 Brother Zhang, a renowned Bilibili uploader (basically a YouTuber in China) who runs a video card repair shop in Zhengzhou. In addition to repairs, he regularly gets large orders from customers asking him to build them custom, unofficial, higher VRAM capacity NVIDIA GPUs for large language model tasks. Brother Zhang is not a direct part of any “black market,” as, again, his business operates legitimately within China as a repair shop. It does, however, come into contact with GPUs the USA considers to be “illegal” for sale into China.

• • • • • • •

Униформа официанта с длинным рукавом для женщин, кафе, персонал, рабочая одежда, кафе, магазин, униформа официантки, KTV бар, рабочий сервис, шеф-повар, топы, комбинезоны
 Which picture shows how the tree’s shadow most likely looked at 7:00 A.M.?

• • • • • • •

▶ Work instruction
Each line above from the one with "Униформа официанта с" up to and including the one with "Which picture shows" must be set down exactly, and no line outside that span may appear.

▶ Response area
Униформа официанта с длинным рукавом для женщин, кафе, персонал, рабочая одежда, кафе, магазин, униформа официантки, KTV бар, рабочий сервис, шеф-повар, топы, комбинезоны
 Which picture shows how the tree’s shadow most likely looked at 7:00 A.M.?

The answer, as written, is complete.